As the housing crisis continues to touch American lives, one of the ripple effects of the crisis is the desperate financial straits of homeowners who continue to struggle with debt -- even years after losing their homes. 

As lenders continue to pursue deficiencies from three or four years ago, honest people who want to make good on their debts are increasingly overwhelmed. They find it impossible to rebuild their financial lives. Attempting to make even the minimum payments on a sea of debt can wipe out your retirement savings and max out your credit cards.

It takes only one small shift in circumstance to make repayment an impossible task: a loss of employment, divorces, a health or housing crisis. Remaining in denial about the futility of repaying all debt is stressful and takes a toll on your relationships, family and health. When your liabilities are excessive, and your assets are minimal, if not gone, it is time to take a rational look at a very personal and, often emotional, decision: Should you declare personal bankruptcy?

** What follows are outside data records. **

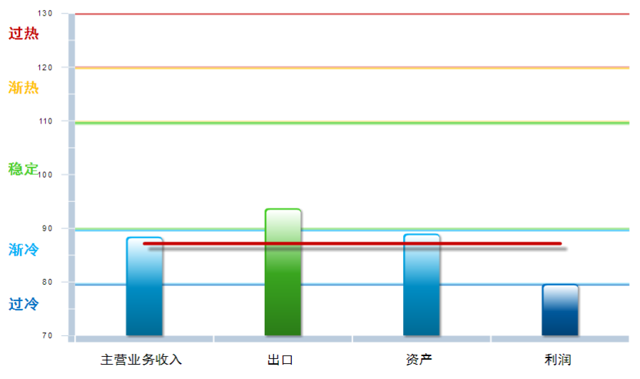 从分项指数看,出口景气度有较明显回升,其他三项分项指数均环比上月下降,其中:主营业务收入景气指数88.47,位于“渐冷”区间,较上月下降0.92点;出口景气指数为93.74,位于“稳定”区间,较上月上升1.33点;资产景气指数为89.03,位于“渐冷”区间,较上月上升0.38点;利润景气指数79.68,位于“过冷”区间,较上月升0.85点。
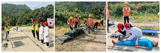 本次防汛應急救援演練模擬太平河上游水庫蓄水過多,河道水位迅速上升,對下游施工范圍造成影響,存在坍塌風險等險情,涵蓋疏散、搶險、救護、善后處理4個階段。演練現(xiàn)場,隨著總指揮一聲令下,各參演單位迅速響應,按照預定方案展開行動。搶險救援隊伍迅速集結(jié),攜帶搶險裝備奔赴受災區(qū)域,裝填沙袋、加固堤壩,阻止洪水蔓延;醫(yī)療救護組在現(xiàn)場設立臨時醫(yī)療點,對受傷人員進行緊急救治和轉(zhuǎn)移;交通疏導組迅速對受災區(qū)域周邊道路進行交通管制,確保救援車輛和人員通行順暢。整個演練過程緊張有序,各部門協(xié)同配合,充分展示了防汛應急救援隊伍的實戰(zhàn)能力和良好的精神風貌。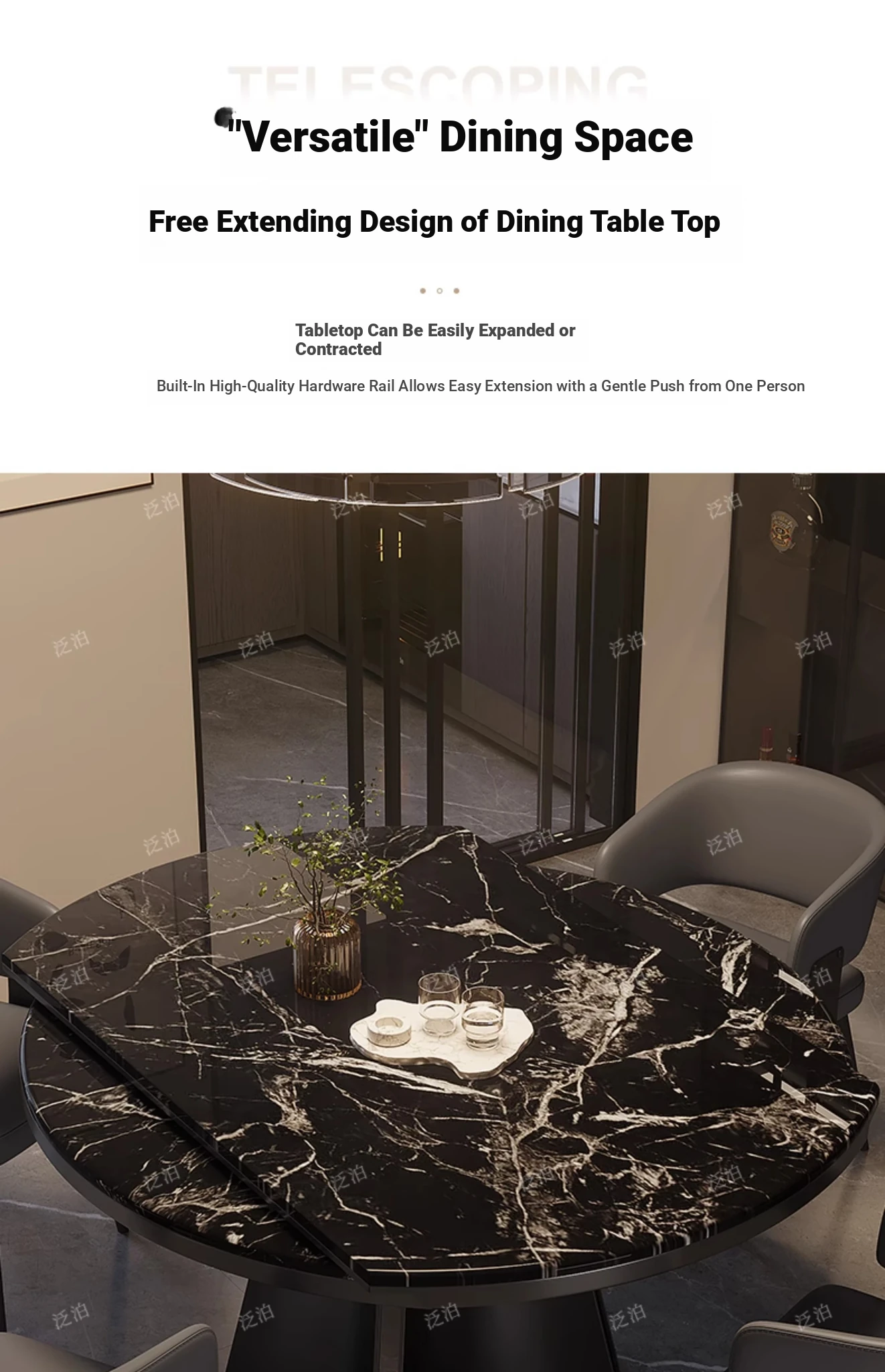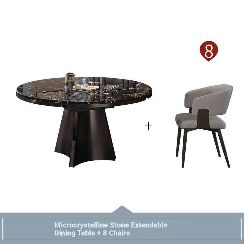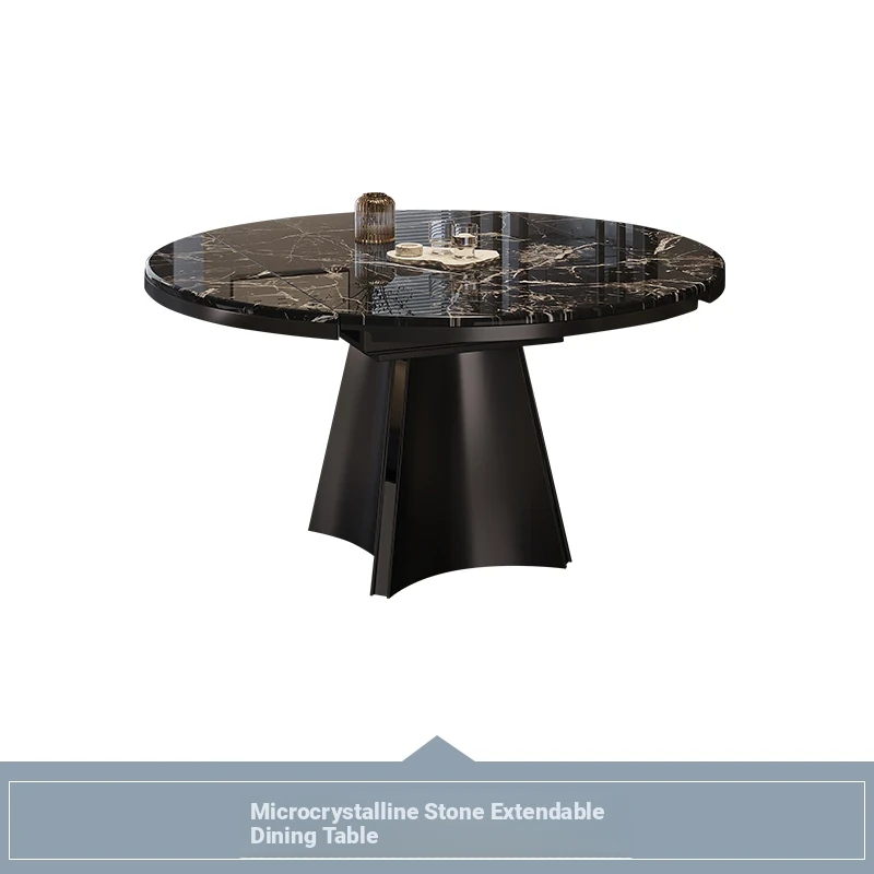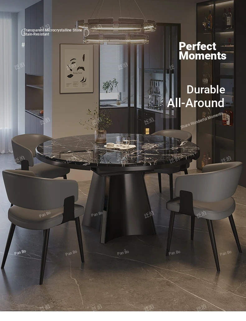 Foldable Expandable Microcrystalline Stone Dining Table - Versatile Rectangular to Round Design for Home, Modern Minimalist Dining Set with Chairs

Years ago, personal bankruptcy was considered by some to be a shameful last resort. 

In today's economy, however, personal bankruptcy filings are no longer seen as a kiss of death to your credit worthiness. These filings have become an acceptable last-ditch effort to help you organize your debt, and free you from years and years of making minimum payments that will never go away. If you qualify, filing for personal bankruptcy may be an effective way to restore optimism in your financial future and rebuild your dreams.

If you are considering bankruptcy the most important thing to do is to find a reputable lawyer to advise you

For instance, in a Chapter 7 bankruptcy filing, you must meet a "means test" which will look at your income and debt to determine your true need for relief. These guidelines vary from state to state. 

Martindale-Hubbell is an index of lawyers, available online at martindale.com, which you can use to search for a bankruptcy lawyer in your area. Search for lawyers rated "AV" which indicates that a lawyer's peers rank him or her at the highest level of professional excellence.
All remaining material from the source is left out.